LONDON – Dubai’s Emirates Airline said it is canceling an order for 10 large jetliners from Airbus and will use Boeing models instead, according to a published report Sunday.
Speaking to reporters at London’s Heathrow Airport, Emirates President Tim Clark said his airline won’t take the Airbus A340-600 jetliners it had ordered and is sending auditors to assess the European plane maker’s progress on building its A380 superjumbo, The Wall Street Journal reported on its Web site.
Emirates will instead order 777 models from Boeing Co., Emirates Executive Vice Chairman Maurice Flanagan said.
Clark also said Emirates is interested in acquiring proposed passenger versions of Boeing’s planned 747-8 jetliner if Boeing stretches the design to increase seating capacity. In July, the carrier ordered 10 of the cargo version of the 747-8.
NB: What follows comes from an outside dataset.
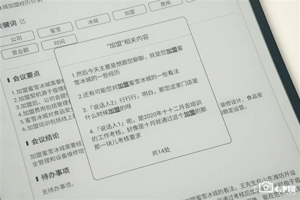 现在,直接选【 加盟 】关键词,就能抓取相关的所有原话。点击句子,还能直接锁定原文录音。总结确定主体,语音追溯确认细节,双管齐下,一场会议就能快速啃下来了。

Afghanistan: 70 insurgents killed
NATO and Afghan troops killed 70 suspected militants who attacked a military base in southern Afghanistan, while a roadside blast killed one NATO soldier and wounded eight others, the alliance said Sunday. Some 100 to 150 militants attacked a military base north of Tarin Kowt in Uruzgan on Saturday, said Maj. Luke Knittig, a spokesman for the NATO-led force. The alliance and Afghan troops fought back for several hours with small arms fire, attack helicopters and airstrikes. One Afghan soldier was wounded.
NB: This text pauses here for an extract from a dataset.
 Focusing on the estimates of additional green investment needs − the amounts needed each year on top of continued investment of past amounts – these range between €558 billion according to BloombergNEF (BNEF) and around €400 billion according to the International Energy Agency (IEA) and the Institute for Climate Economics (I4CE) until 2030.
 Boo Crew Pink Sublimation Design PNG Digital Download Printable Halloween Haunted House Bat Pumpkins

Pakistan: Al-Qaida camp targeted
Pakistani troops backed by helicopters firing missiles destroyed an al-Qaida-linked training facility in a northwestern tribal area near the Afghan border Monday, killing “many” militants, officials said. The pre-dawn attack targeted a religious school compound holding 70 to 80 militants in a village near the town of Khar, the main town in the Bajur tribal district, said army spokesman Maj. Gen. Shaukat Sultan. He said the facility was destroyed but it was not immediately clear how many people had been killed, although there were no civilian casualties.
Philippines: Typhoon Cimaron hits
Typhoon Cimaron blew over the northern Philippines on Monday, felling trees, toppling power lines, blasting roofs off homes and leaving at least three people dead, officials said. Cimaron, which made landfall late Sunday, was packing maximum winds of 109 mph and gusts of up to 130 mph. It was forecast to head for Vietnam later today.
Brazil: Leftist president’s landslide
President Luiz Inacio Lula da Silva won a second term in a landslide victory Sunday with Brazilians rewarding their first working-class leader after he helped ease grinding poverty while improving the economy of Latin America’s largest country. With 99 percent of the votes counted, Silva had 61 percent support compared with 39 percent for center-right rival Geraldo Alckmin, Sao Paulo state’s former governor.
S. Korea: Nuke tests expected
The top U.S. general in South Korea said today that more nuclear tests by North Korea could be expected as the communist nation continues work on its atomic weapons program. However, U.S. Army Gen. B.B. Bell didn’t cite any specific intelligence that another test was imminent.